Democratic presidential candidate Kamala Harris released 15 years of tax returns on Sunday, offering a glimpse into how the California public servant ascended the financial ranks to become a multimillionaire.
The documents span the entirety of Harris' career in elected office, from her $142,000 salary as San Francisco district attorney in 2004 to her current post as U.S. senator.
Harris and her husband, Los Angeles-based attorney Douglas Emhoff, jointly reported more than $2 million in income last year, for which they paid nearly $700,000 in taxes.
The tax returns, released before the April 15 tax deadline, mark the most sweeping look yet at a presidential contender's personal finances, edging out Sens. Elizabeth Warren, Amy Klobuchar and Kirsten Gillibrand, who each have released more than a decade's worth of tax documents.
Sen. Bernie Sanders, an early front-runner for the 2020 Democratic nomination, said he would release 10 years of returns by Monday.
Meanwhile, Democrats ratcheted up pressure on President Donald Trump to hand over copies of his tax returns. Trump famously bucked decades of tradition by declining to divulge his returns during his 2016 campaign or since he entered office.
On Saturday, Rep. Richard E. Neal, D-Mass., who chairs the House Ways and Means Committee, sent a letter to IRS Commissioner Charles Rettig demanding six years of the president's personal and business returns within 10 days.
"This request is about policy, not politics," Neal wrote in the two-page letter.
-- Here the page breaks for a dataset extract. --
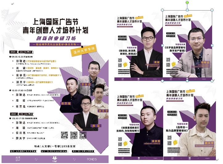 经广告系全体老师共同努力和精心筹备,6月19、20日,一场来自大上海的广告创意头脑风暴,将席卷400全讯白菜网。上海国际广告节把它的拳头公益品牌活动——青年创意人才培养计划创新创业研习坊搬进温大,来自上海国际广告节战略合作方——联合利华旁氏品牌、电通麦利博文、埃森哲互动与光弧科技的业界精英们将为温大广告学子带来精彩纷呈的创新创意创业的饕餮盛宴!
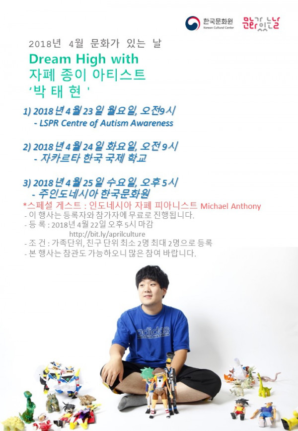 주인도네시아 한국문화원은 '4월 문화가 있는 날'을 맞이하여, '인도네시아 '를 가슴에 품고 살고 있는 한국의 자폐 종이 아티스트 '박태현' 군을 초청하여 장애 인식 개선과 이해를 위한 뜻 깊은 행사를 개최합니다.

He cited a 1924 law that says the Treasury Department, which includes the IRS, "shall furnish" tax returns to Congress when requested.
Acting White House Chief of Staff Mick Mulvaney said last weekend that lawmakers would "never" see Trump's returns.
Harris' full disclosure is a "stark contrast" to Trump, her campaign said. The California senator also supports a proposed federal law that would require a president's tax returns be made public.